_Exercise requirements_. Everything from the line containing "Blattflecken 1-3 mm" to the last line of the listing below should be restated exactly, both ends included, with nothing added and the pictures omitted.

_Supplied information_.

[Start of section]

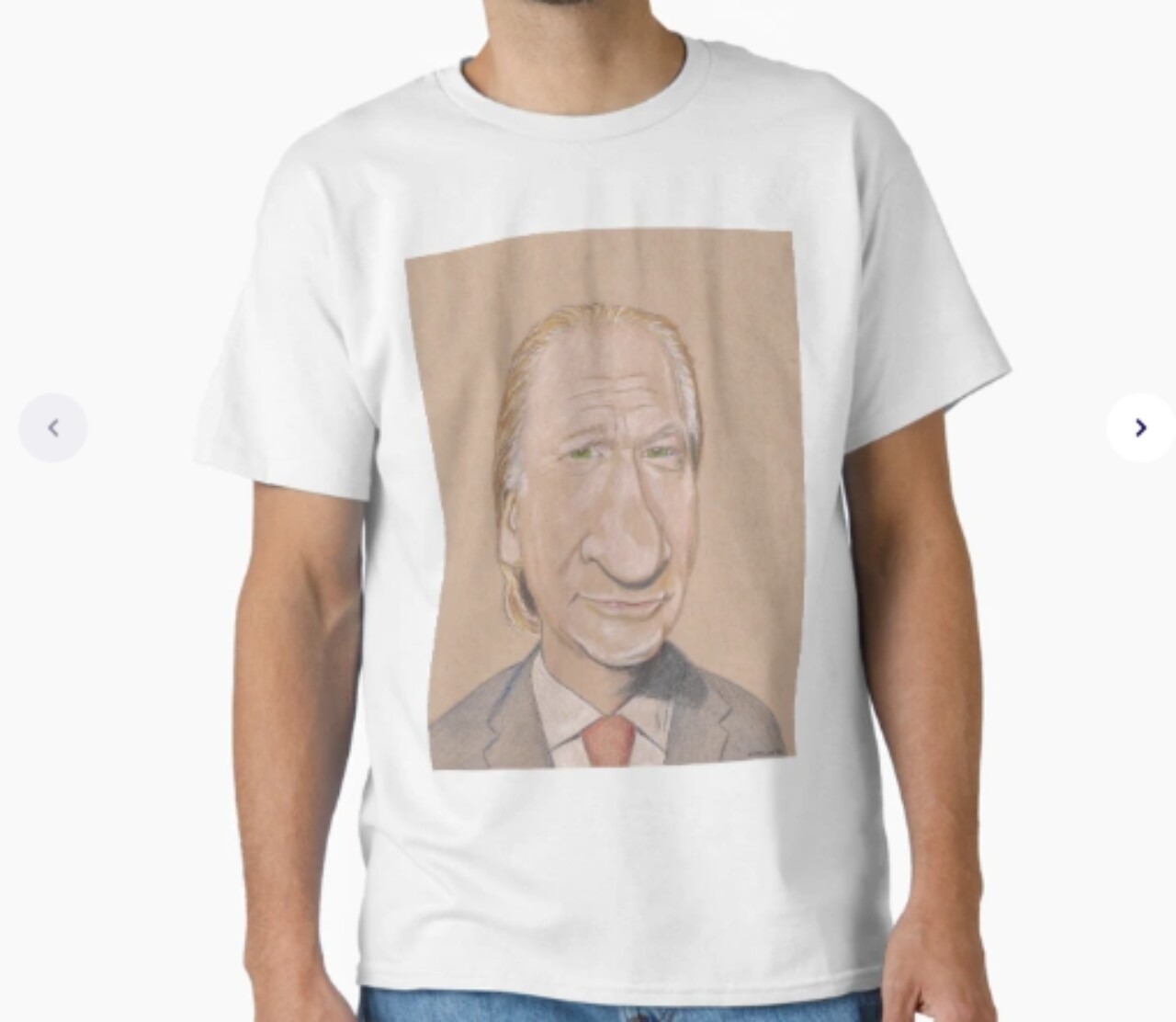 This $23.99 entry is for the more artsy-fartsy Maher fans, and it almost makes him appear more modest and self-deprecating than we know him to be. Hopefully, the real Maher and his regularly shaped head can take a joke, seeing as he's probably not taking any royalties from this caricature t-shirt.
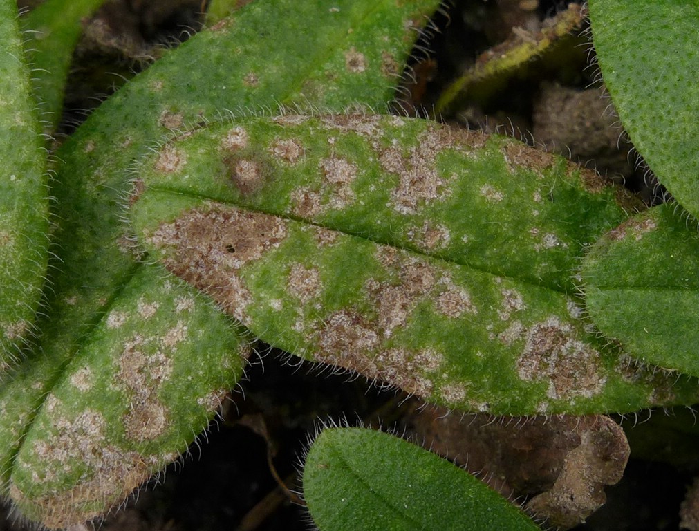 Blattflecken 1-3 mm im Durchmesser, jung weißlich, gelblichweiß oder grünlich
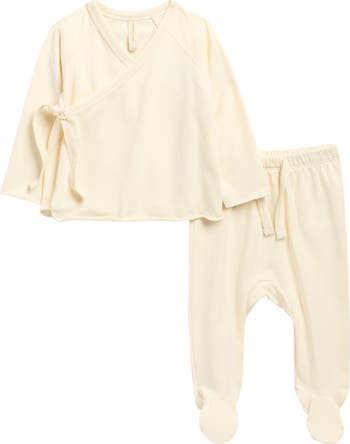 This long-sleeve wrap top crafted from stretchy organic cotton features an easy tie-side closure for a snug, comfy fit and coordinating drawstring footed pants for extended coziness.
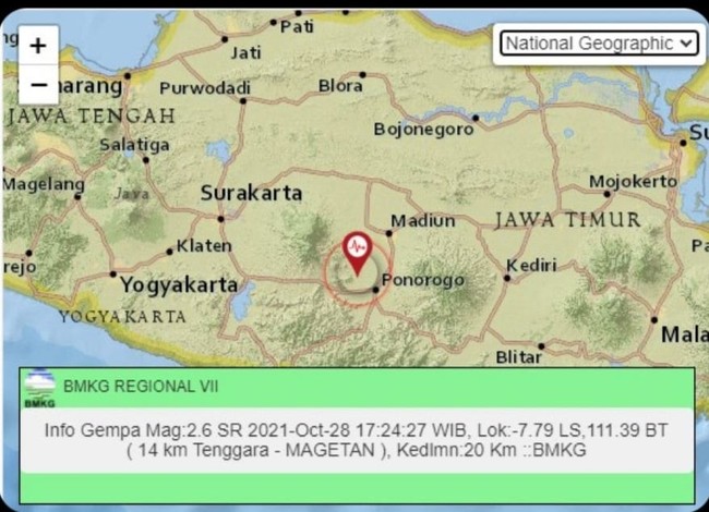 "Gempa kecil akibat sesar aktif di antara Magetan-Ponorogo sekitar pukul 17.24.27 WIB," tulis Koordinator Bidang Mitigasi Gempa Bumi dan Tsunami BMKG, Daryono di twitternya, Kamis (28/10/2021).

[End of section]

_Response_.
 Blattflecken 1-3 mm im Durchmesser, jung weißlich, gelblichweiß oder grünlich
 This long-sleeve wrap top crafted from stretchy organic cotton features an easy tie-side closure for a snug, comfy fit and coordinating drawstring footed pants for extended coziness.
 "Gempa kecil akibat sesar aktif di antara Magetan-Ponorogo sekitar pukul 17.24.27 WIB," tulis Koordinator Bidang Mitigasi Gempa Bumi dan Tsunami BMKG, Daryono di twitternya, Kamis (28/10/2021).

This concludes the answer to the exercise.